Murphy is a member of the Muscogee (Creek) Tribe and the crime occurred within the historic treaty boundaries of the Creek Nation. The 10th Circuit found that Congress never finally dissolved the Creek reservation it created by treaty in 1866, meaning the tribe or the federal government would have jurisdiction over the alleged crime, but not the state.
The implications concerning potentially hundreds of criminal cases involving tribal members or land is concerning enough, but some have argued a broad ruling in Murphy’s favor could have implications throughout eastern Oklahoma and well beyond criminal court.
In its appeal, the state argued that if the ruling stands, “Oklahoma stands on the brink of the most radical jurisdictional shift since statehood.”
The Creek Nation downplays the potential implications but recognizes it as critical in future state-tribe relations. The tribe didn’t initiate the case, but, with its sovereignty rights on the line, was forced to take part.
There are as many opinions about the potential implications of the case as there are experts on Indian sovereignty. The nature and scope of those implications depend on what the Supreme Court does, and at this point, it’s not doing anything for a year.

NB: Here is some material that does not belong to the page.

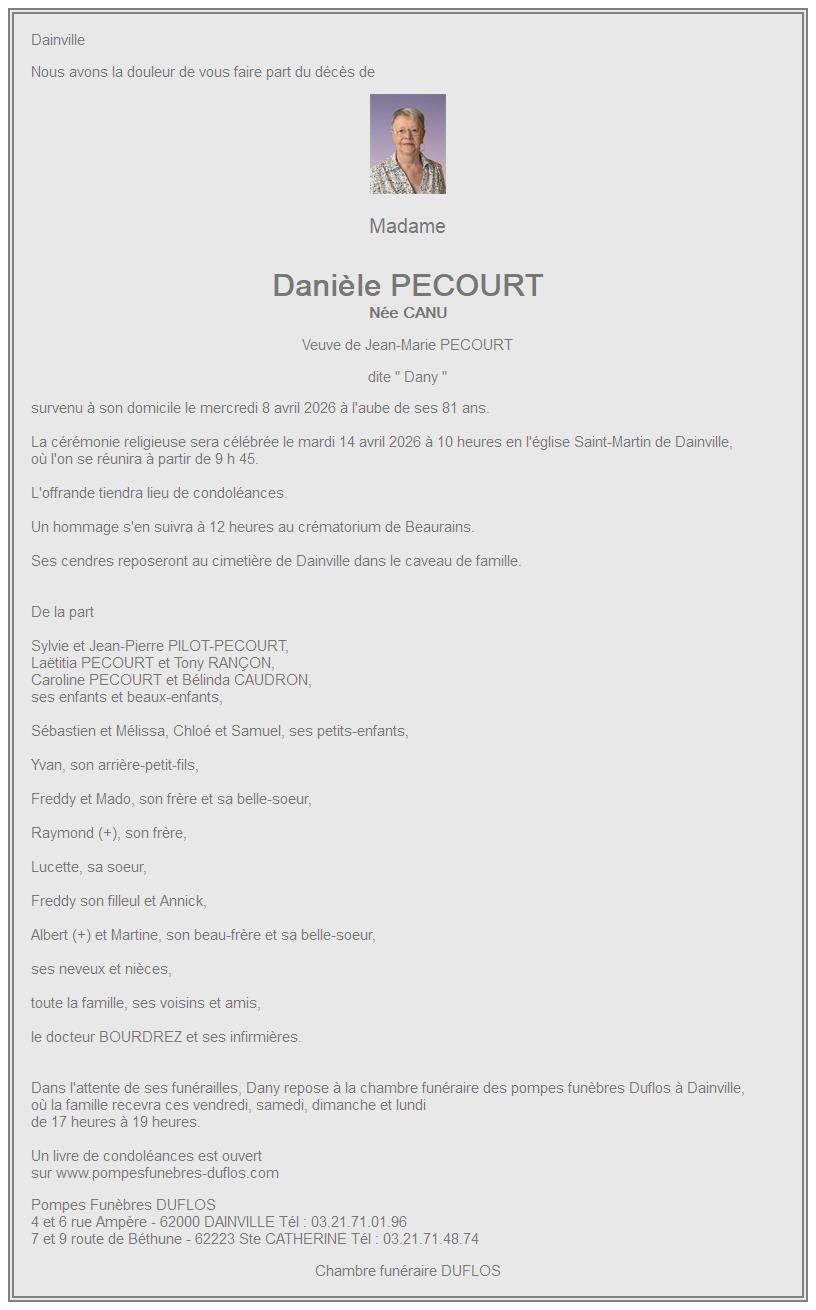 Décédée à Dainville (62000) le mercredi 8 avril 2026 à l'âge de 80 ans

The high court’s failure to decide gives state, federal and tribal officials extra time to think through the case and prepare for a variety of possibilities. We urge them all to use the time wisely and in a way that balances the interests of the tribes and the citizens of Oklahoma.
Stillwater News Press. June 30, 2019.
— Addressing teacher shortage
We need some new approaches to address our state’s shortage of qualified teachers. According to a Tulsa World report, for the 2017-2018 school year, Oklahoma public schools added around 1,000 teachers through emergency license. That seems like a lot.
Firstly, many emergency-certified teachers may be perfectly capable of sculpting young minds. They may know the material, they may know children and they may be perfectly fine educators. The problem is, there is no way this is sustainable.
Those numbers could improve, the Legislature has raised teacher pay and classroom funding in the last two years. Only time will tell if it’s enough to counterbalance the teachers who leave the profession or the young people who decide to try another state.
What about incentives? A big part of Democratic presidential platforms, for more than a handful of candidates has been free college, for everyone, or for a smaller handful, student loan forgiveness. Many argue that isn’t very fair to those who came out of school debt free, and that may be the case, but what if we could tweak it a bit?
It’s hard to imagine it’s very easy to enter the workforce saddled with student loans for a job that doesn’t have a great starting salary. What if we turned our attention just to teachers, just to see if it works? What if we could put students who work to get into the teaching field, specifically, on a loan program that only requires payment if the student didn’t stay on as a public school teacher for a certain amount of time, depreciating with each year they remain a public school teacher? It’s not impossible, and it’s a lot more pragmatic than free college for everyone.